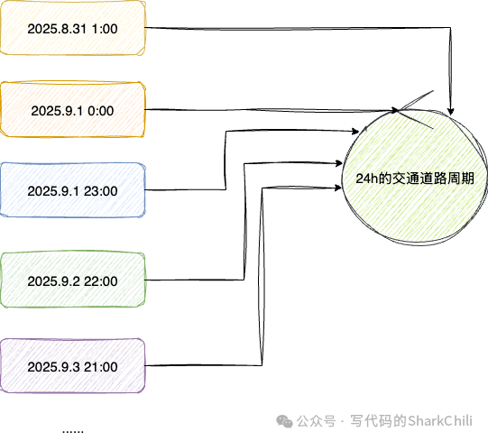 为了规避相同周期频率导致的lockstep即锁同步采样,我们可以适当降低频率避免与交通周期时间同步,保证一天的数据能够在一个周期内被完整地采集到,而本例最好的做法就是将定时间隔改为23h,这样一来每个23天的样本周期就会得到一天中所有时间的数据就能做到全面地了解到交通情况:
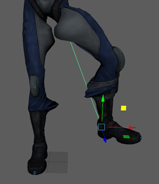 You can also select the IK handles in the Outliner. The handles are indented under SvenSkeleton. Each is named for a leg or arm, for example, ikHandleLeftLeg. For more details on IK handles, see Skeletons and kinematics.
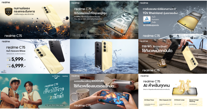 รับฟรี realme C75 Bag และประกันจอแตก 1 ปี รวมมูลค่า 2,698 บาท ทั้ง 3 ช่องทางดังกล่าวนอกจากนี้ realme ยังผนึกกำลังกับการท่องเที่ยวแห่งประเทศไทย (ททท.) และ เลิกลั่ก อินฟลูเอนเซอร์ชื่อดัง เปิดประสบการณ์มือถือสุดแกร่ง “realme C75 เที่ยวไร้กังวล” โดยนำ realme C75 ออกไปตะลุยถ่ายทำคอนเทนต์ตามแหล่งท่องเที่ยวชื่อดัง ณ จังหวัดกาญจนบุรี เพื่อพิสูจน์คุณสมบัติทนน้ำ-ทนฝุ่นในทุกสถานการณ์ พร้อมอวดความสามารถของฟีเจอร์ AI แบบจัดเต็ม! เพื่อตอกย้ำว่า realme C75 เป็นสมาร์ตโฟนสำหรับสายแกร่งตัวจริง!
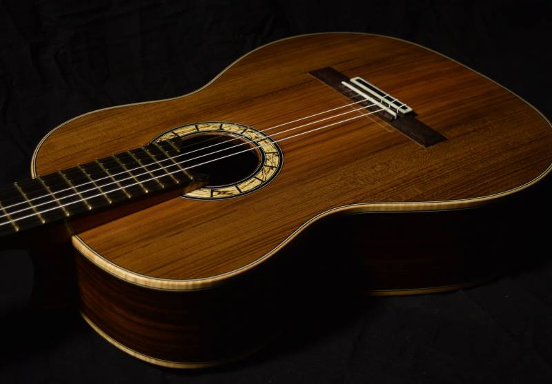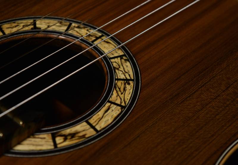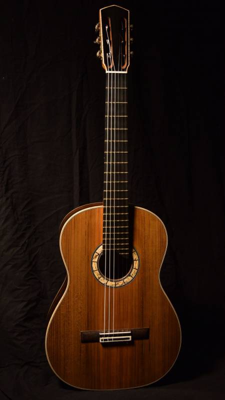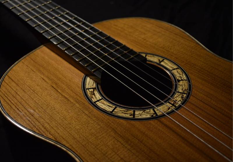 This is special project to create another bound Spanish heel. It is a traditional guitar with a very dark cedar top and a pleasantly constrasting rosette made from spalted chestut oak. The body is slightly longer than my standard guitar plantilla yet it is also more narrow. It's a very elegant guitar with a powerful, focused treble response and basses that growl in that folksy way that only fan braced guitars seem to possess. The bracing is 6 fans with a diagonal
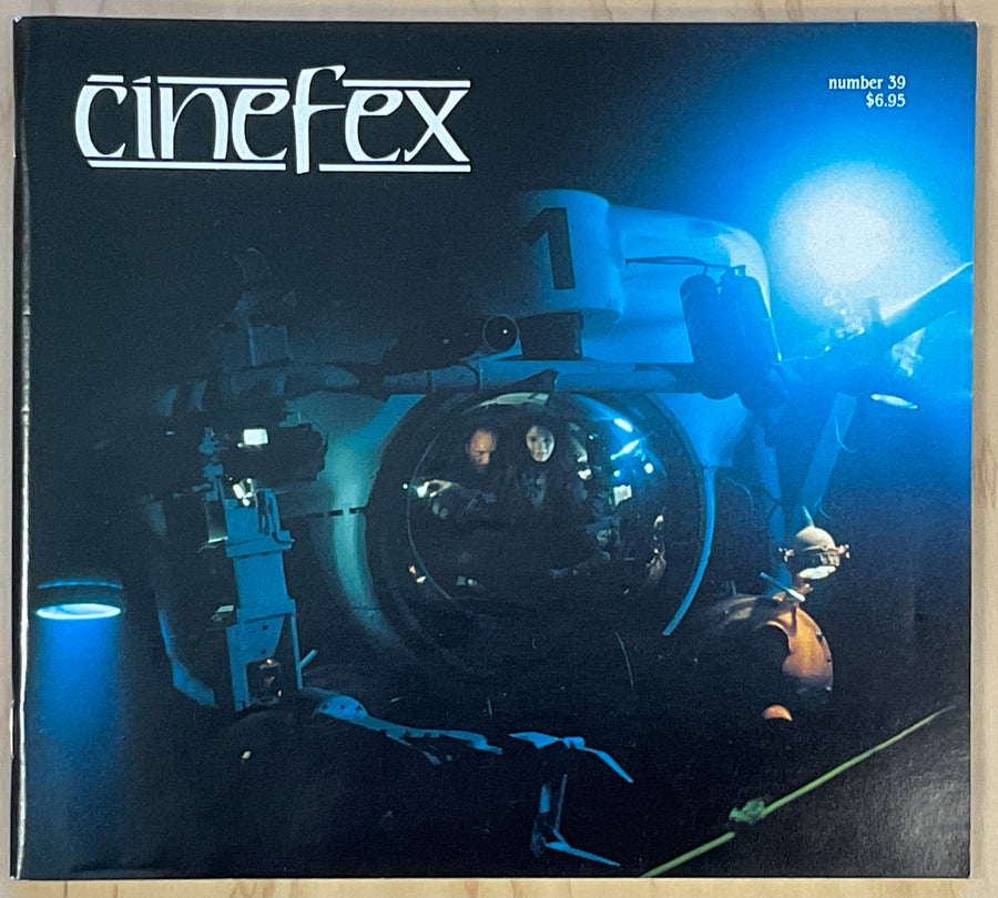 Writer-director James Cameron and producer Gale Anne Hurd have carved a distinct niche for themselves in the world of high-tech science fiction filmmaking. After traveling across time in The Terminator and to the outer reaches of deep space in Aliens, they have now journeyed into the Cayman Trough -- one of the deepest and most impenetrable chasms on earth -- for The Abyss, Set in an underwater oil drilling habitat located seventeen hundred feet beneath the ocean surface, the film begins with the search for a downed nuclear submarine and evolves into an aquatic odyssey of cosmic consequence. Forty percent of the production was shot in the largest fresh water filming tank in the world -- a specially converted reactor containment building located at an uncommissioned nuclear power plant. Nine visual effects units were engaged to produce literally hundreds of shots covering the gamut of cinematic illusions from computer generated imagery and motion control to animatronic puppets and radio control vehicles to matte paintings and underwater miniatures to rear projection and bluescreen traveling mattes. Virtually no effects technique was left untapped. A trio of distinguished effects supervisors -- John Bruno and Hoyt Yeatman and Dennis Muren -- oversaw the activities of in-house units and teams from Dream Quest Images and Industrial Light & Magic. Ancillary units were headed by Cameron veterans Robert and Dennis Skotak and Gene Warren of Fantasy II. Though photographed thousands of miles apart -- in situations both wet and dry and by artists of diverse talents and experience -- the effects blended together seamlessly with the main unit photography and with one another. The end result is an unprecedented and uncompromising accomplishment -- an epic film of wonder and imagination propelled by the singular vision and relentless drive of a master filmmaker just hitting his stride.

=======

• _TASK TO CARRY OUT_
Repeat the records word for word, skipping pictures.

• _OUTPUT OF THE EXERCISE_
 为了规避相同周期频率导致的lockstep即锁同步采样,我们可以适当降低频率避免与交通周期时间同步,保证一天的数据能够在一个周期内被完整地采集到,而本例最好的做法就是将定时间隔改为23h,这样一来每个23天的样本周期就会得到一天中所有时间的数据就能做到全面地了解到交通情况:
 You can also select the IK handles in the Outliner. The handles are indented under SvenSkeleton. Each is named for a leg or arm, for example, ikHandleLeftLeg. For more details on IK handles, see Skeletons and kinematics.
 รับฟรี realme C75 Bag และประกันจอแตก 1 ปี รวมมูลค่า 2,698 บาท ทั้ง 3 ช่องทางดังกล่าวนอกจากนี้ realme ยังผนึกกำลังกับการท่องเที่ยวแห่งประเทศไทย (ททท.) และ เลิกลั่ก อินฟลูเอนเซอร์ชื่อดัง เปิดประสบการณ์มือถือสุดแกร่ง “realme C75 เที่ยวไร้กังวล” โดยนำ realme C75 ออกไปตะลุยถ่ายทำคอนเทนต์ตามแหล่งท่องเที่ยวชื่อดัง ณ จังหวัดกาญจนบุรี เพื่อพิสูจน์คุณสมบัติทนน้ำ-ทนฝุ่นในทุกสถานการณ์ พร้อมอวดความสามารถของฟีเจอร์ AI แบบจัดเต็ม! เพื่อตอกย้ำว่า realme C75 เป็นสมาร์ตโฟนสำหรับสายแกร่งตัวจริง!
 This is special project to create another bound Spanish heel. It is a traditional guitar with a very dark cedar top and a pleasantly constrasting rosette made from spalted chestut oak. The body is slightly longer than my standard guitar plantilla yet it is also more narrow. It's a very elegant guitar with a powerful, focused treble response and basses that growl in that folksy way that only fan braced guitars seem to possess. The bracing is 6 fans with a diagonal
 Writer-director James Cameron and producer Gale Anne Hurd have carved a distinct niche for themselves in the world of high-tech science fiction filmmaking. After traveling across time in The Terminator and to the outer reaches of deep space in Aliens, they have now journeyed into the Cayman Trough -- one of the deepest and most impenetrable chasms on earth -- for The Abyss, Set in an underwater oil drilling habitat located seventeen hundred feet beneath the ocean surface, the film begins with the search for a downed nuclear submarine and evolves into an aquatic odyssey of cosmic consequence. Forty percent of the production was shot in the largest fresh water filming tank in the world -- a specially converted reactor containment building located at an uncommissioned nuclear power plant. Nine visual effects units were engaged to produce literally hundreds of shots covering the gamut of cinematic illusions from computer generated imagery and motion control to animatronic puppets and radio control vehicles to matte paintings and underwater miniatures to rear projection and bluescreen traveling mattes. Virtually no effects technique was left untapped. A trio of distinguished effects supervisors -- John Bruno and Hoyt Yeatman and Dennis Muren -- oversaw the activities of in-house units and teams from Dream Quest Images and Industrial Light & Magic. Ancillary units were headed by Cameron veterans Robert and Dennis Skotak and Gene Warren of Fantasy II. Though photographed thousands of miles apart -- in situations both wet and dry and by artists of diverse talents and experience -- the effects blended together seamlessly with the main unit photography and with one another. The end result is an unprecedented and uncompromising accomplishment -- an epic film of wonder and imagination propelled by the singular vision and relentless drive of a master filmmaker just hitting his stride.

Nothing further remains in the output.